Output the data below exactly, without images.

DATASET SECTION:
++++++++++

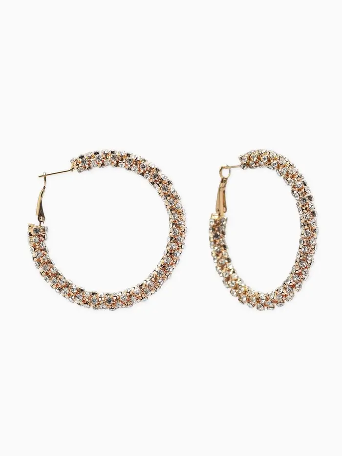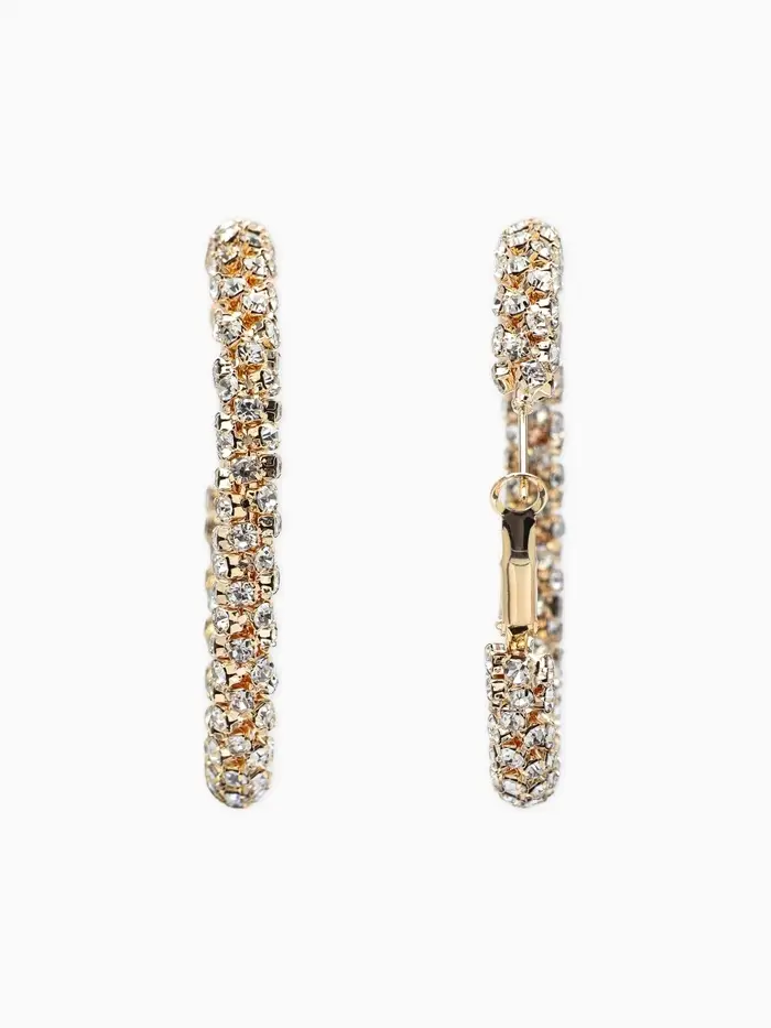 Серьги-кольца со стразами «Россыпь», d=5.5 см, белые в золоте
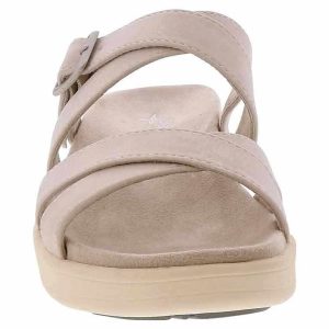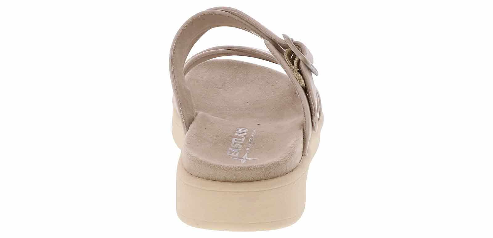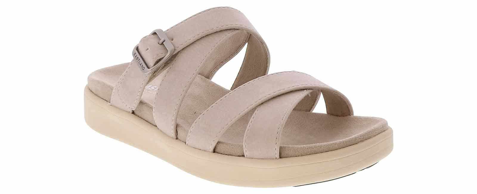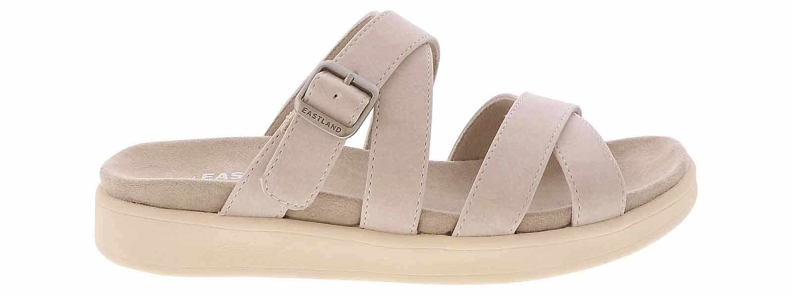 Step into timeless style and boundless comfort wearing the Eastland Marshfield Beige Strap Women’s Sandal. Crafted with exquisite detail, this sandal boasts an adjustable strap and buckle for a bespoke fit. Its leather/suede upper, paired with a micro-suede/cotton blend lining, ensures barefoot bliss. Enjoy all-day support on the contoured cushioned footbed. Finished with a light, flexible rubber outsole for unmatched comfort, slip resistance, and durability.
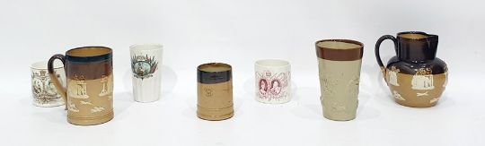 Royal Doulton stoneware harvest jug, 15cm high, a tapering mug similar, four Royal Copenhagen white biscuit Neo Classical plaques, three commemorative mugs and a stoneware half-pint mug (10)

++++++++++

RESPONSE AREA:
 Серьги-кольца со стразами «Россыпь», d=5.5 см, белые в золоте
 Step into timeless style and boundless comfort wearing the Eastland Marshfield Beige Strap Women’s Sandal. Crafted with exquisite detail, this sandal boasts an adjustable strap and buckle for a bespoke fit. Its leather/suede upper, paired with a micro-suede/cotton blend lining, ensures barefoot bliss. Enjoy all-day support on the contoured cushioned footbed. Finished with a light, flexible rubber outsole for unmatched comfort, slip resistance, and durability.
 Royal Doulton stoneware harvest jug, 15cm high, a tapering mug similar, four Royal Copenhagen white biscuit Neo Classical plaques, three commemorative mugs and a stoneware half-pint mug (10)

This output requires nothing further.